Extracted data
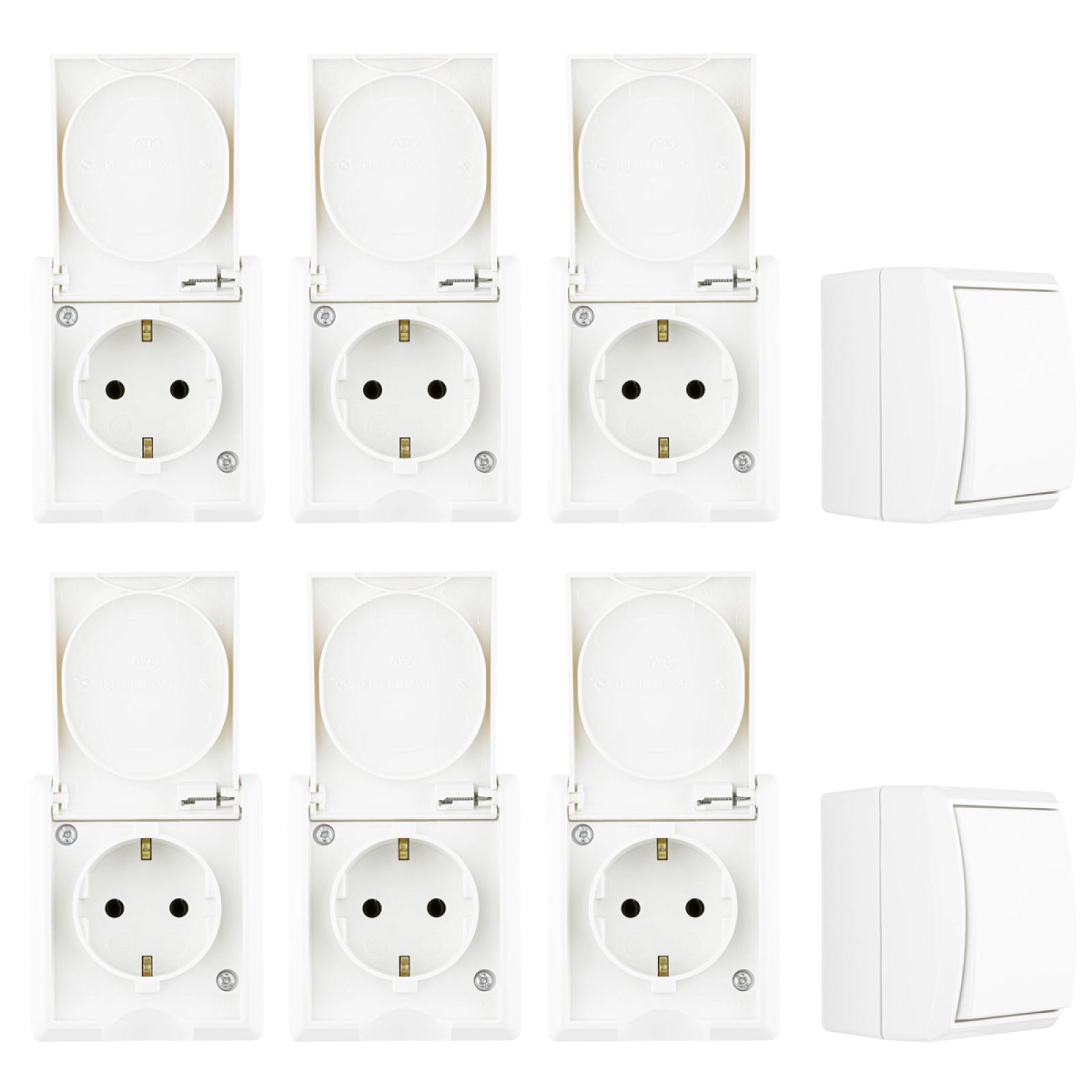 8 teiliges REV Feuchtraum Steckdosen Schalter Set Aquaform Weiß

* * *

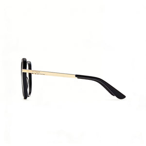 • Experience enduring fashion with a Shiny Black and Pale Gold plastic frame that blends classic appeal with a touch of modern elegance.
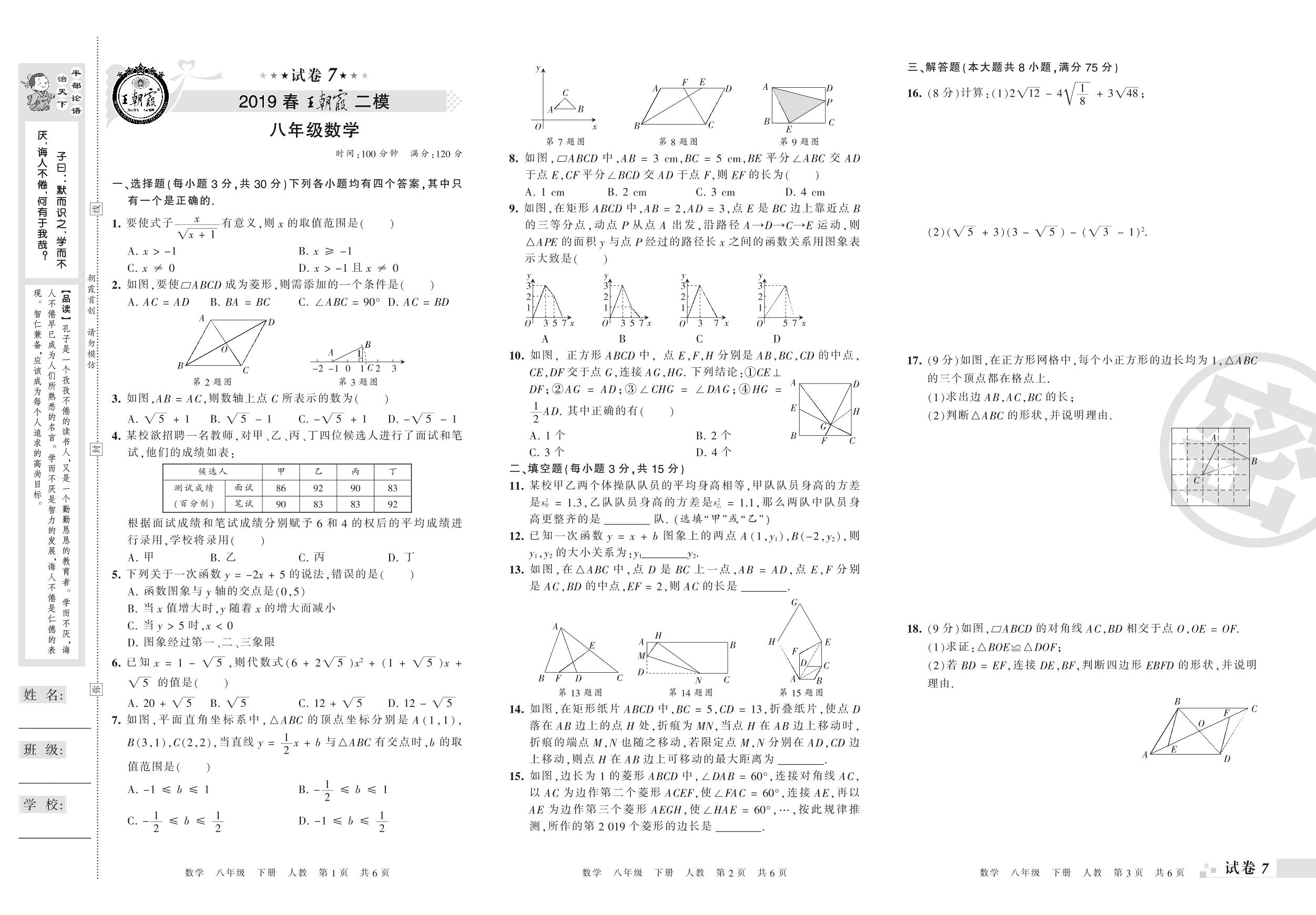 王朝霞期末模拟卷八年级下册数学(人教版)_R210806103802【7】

Task to complete
From the records above, give again only the part that opens with the line containing "of modern elegance." and closes with the line containing "王朝霞期末模拟卷八年级下册数学(人教版)_R210806103802【7】". Keep both ends but drop the pictures.

Exercise answer
 • Experience enduring fashion with a Shiny Black and Pale Gold plastic frame that blends classic appeal with a touch of modern elegance.
 王朝霞期末模拟卷八年级下册数学(人教版)_R210806103802【7】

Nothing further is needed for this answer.